[Data]
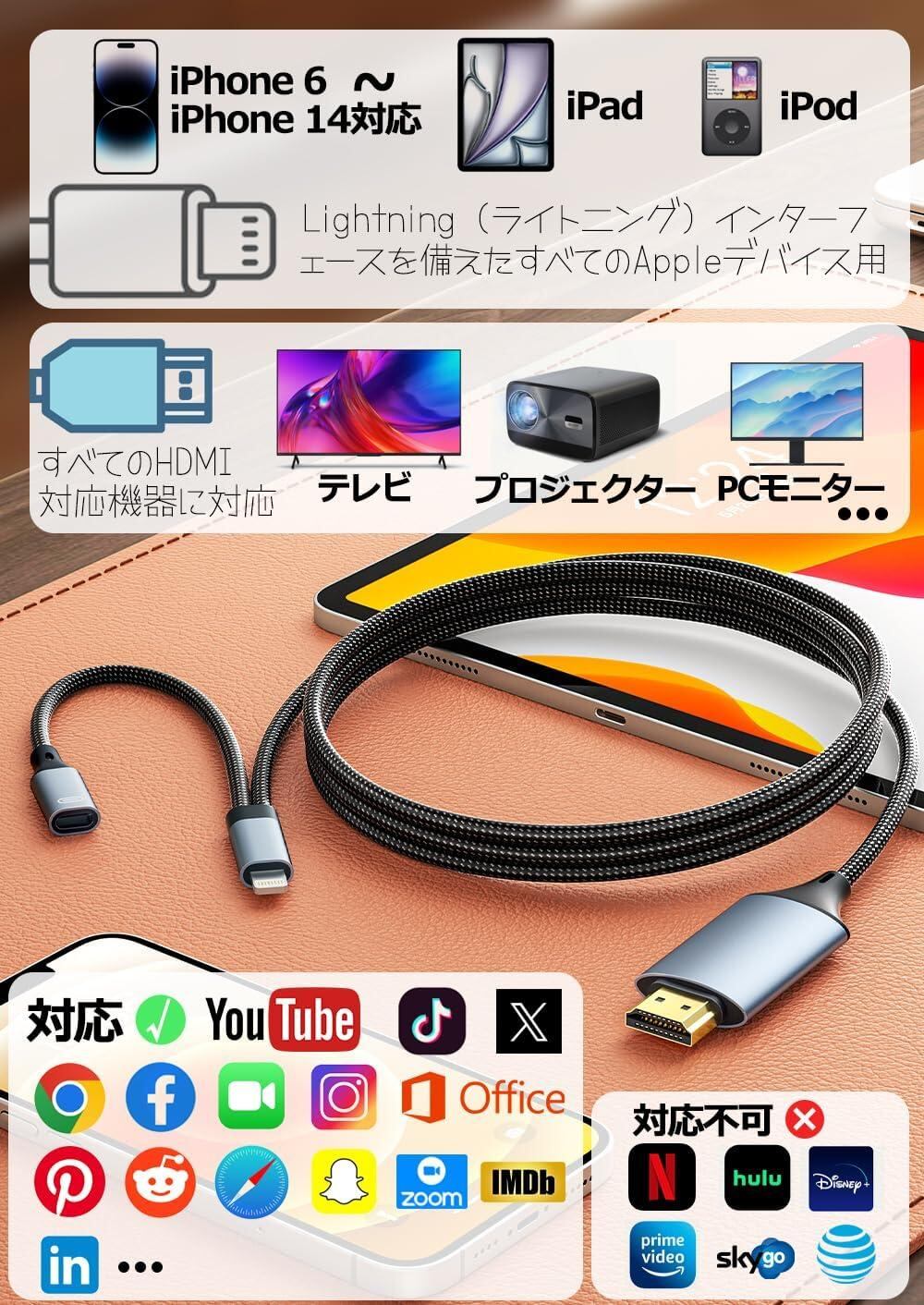 iPhone hdmi変換ケーブル MFi認証品 2025新登場業界新設【2K@60Hz高解像度映像出力、0 遅延】MFi認証済みのLightning HDMI 変換ケーブルは純正チップを搭載しており、iOSをアップデートするとiPhoneミラーリングも正常に使用できるようになります。このライトニング hdmi 変換ケーブルは、2K@60Hz・HDRの高解像度出力で、ワイドスクリーンテレビ、プロジェクター、その他のHDMI対応ディスプレイに高解像度映像とクリアな音声を同時にミラーリングできます。音声同期、遅延ゼロで、ホームエンターテイメント、ビジネス、教育、トレーニングなど、様々なシーンに最適です。
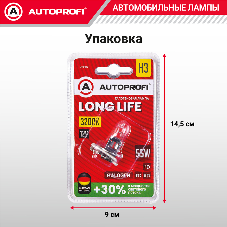 Линейка галогеновых ламп AUTOPROFI LONG LIFE - Галогеновые лампы со световым потоком на 30% мощнее чем у стандартных ламп. Имеют увеличенный более чем в 2 раза рабочий ресурс..
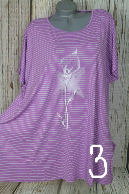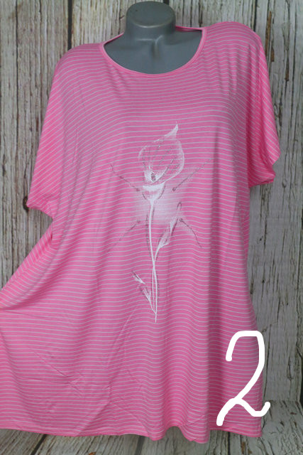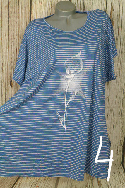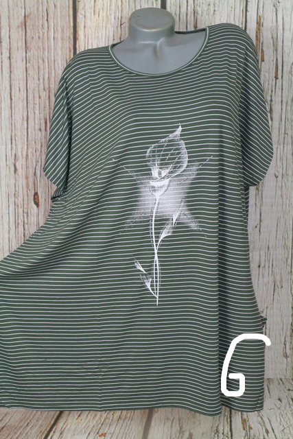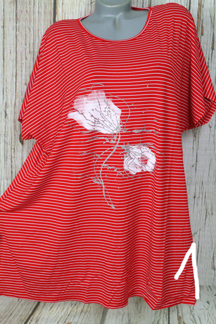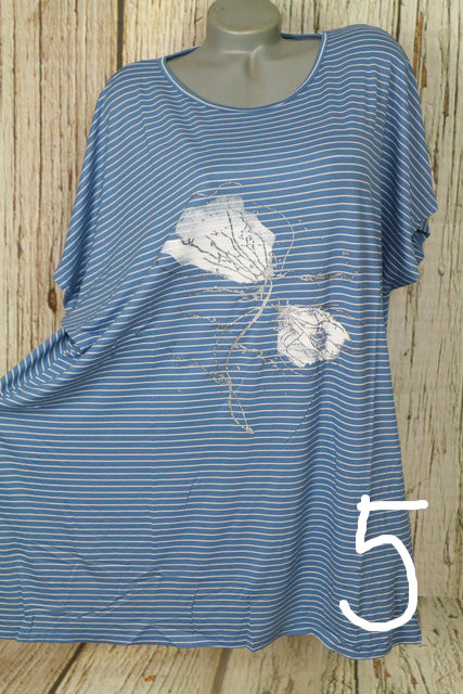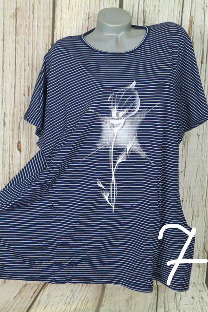 • Csíkos- virágos moletti felső,tunika ( mellb 134 cm)
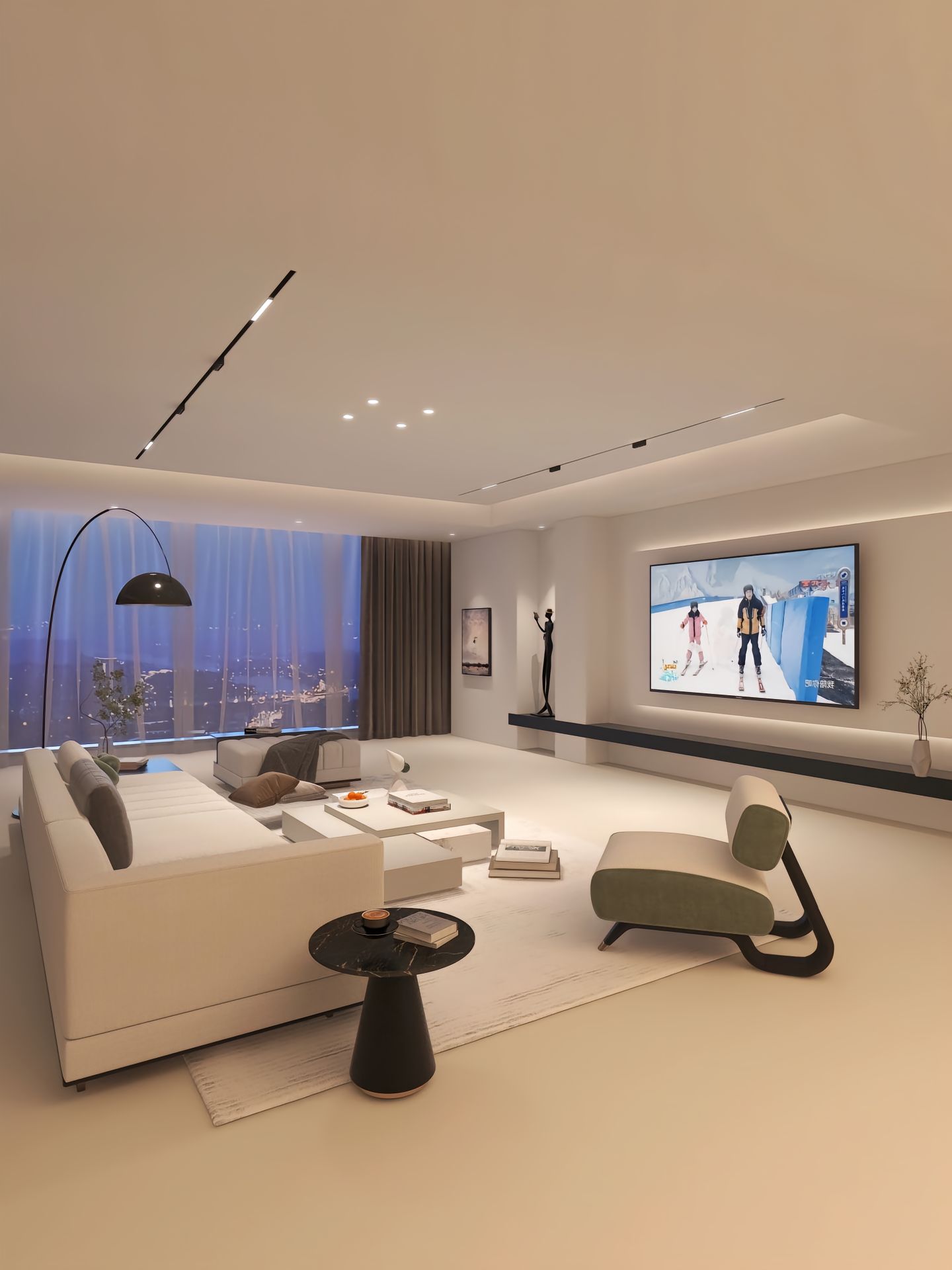 摒棄單一大吊燈,在頂面分散安裝燈帶、筒燈等光源組合?搭配的照明方式。
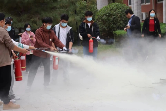 实验中心主任崔朝军为师生讲解灭火器使用方法
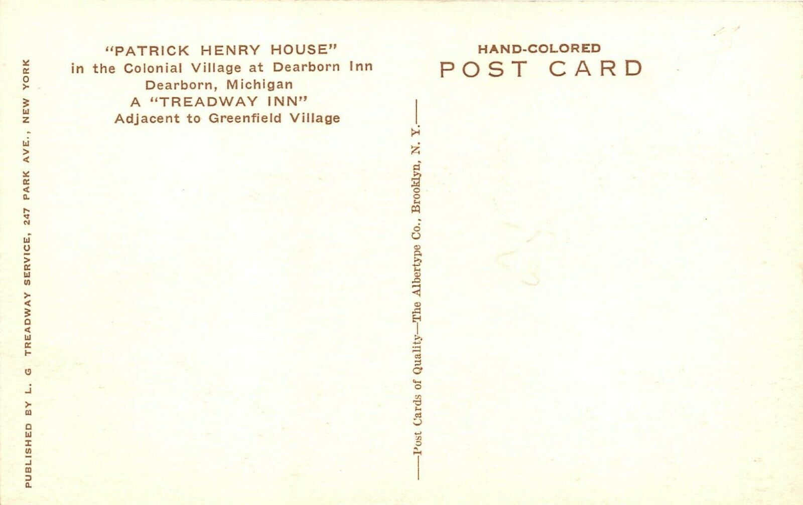 Dearborn Michigan 1930s Hand Colored Postcard Patrick Henry House Treadway Inn
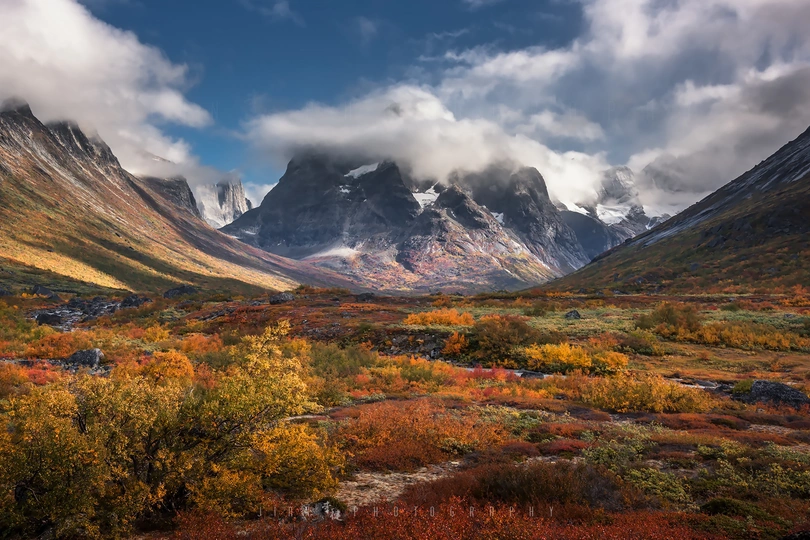 是秋天 云雾遮挡了山峰 但却没有遮挡住阳光 阳光下 各种颜色交织在一起 美丽而和谐 远山如黛 云雾飘渺 恍如秋天的童话世界

[Task requirements] Give back the data exactly. Pictures stay out.

[Final answer]
 iPhone hdmi変換ケーブル MFi認証品 2025新登場業界新設【2K@60Hz高解像度映像出力、0 遅延】MFi認証済みのLightning HDMI 変換ケーブルは純正チップを搭載しており、iOSをアップデートするとiPhoneミラーリングも正常に使用できるようになります。このライトニング hdmi 変換ケーブルは、2K@60Hz・HDRの高解像度出力で、ワイドスクリーンテレビ、プロジェクター、その他のHDMI対応ディスプレイに高解像度映像とクリアな音声を同時にミラーリングできます。音声同期、遅延ゼロで、ホームエンターテイメント、ビジネス、教育、トレーニングなど、様々なシーンに最適です。
 Линейка галогеновых ламп AUTOPROFI LONG LIFE - Галогеновые лампы со световым потоком на 30% мощнее чем у стандартных ламп. Имеют увеличенный более чем в 2 раза рабочий ресурс..
 • Csíkos- virágos moletti felső,tunika ( mellb 134 cm)
 摒棄單一大吊燈,在頂面分散安裝燈帶、筒燈等光源組合?搭配的照明方式。
 实验中心主任崔朝军为师生讲解灭火器使用方法
 Dearborn Michigan 1930s Hand Colored Postcard Patrick Henry House Treadway Inn
 是秋天 云雾遮挡了山峰 但却没有遮挡住阳光 阳光下 各种颜色交织在一起 美丽而和谐 远山如黛 云雾飘渺 恍如秋天的童话世界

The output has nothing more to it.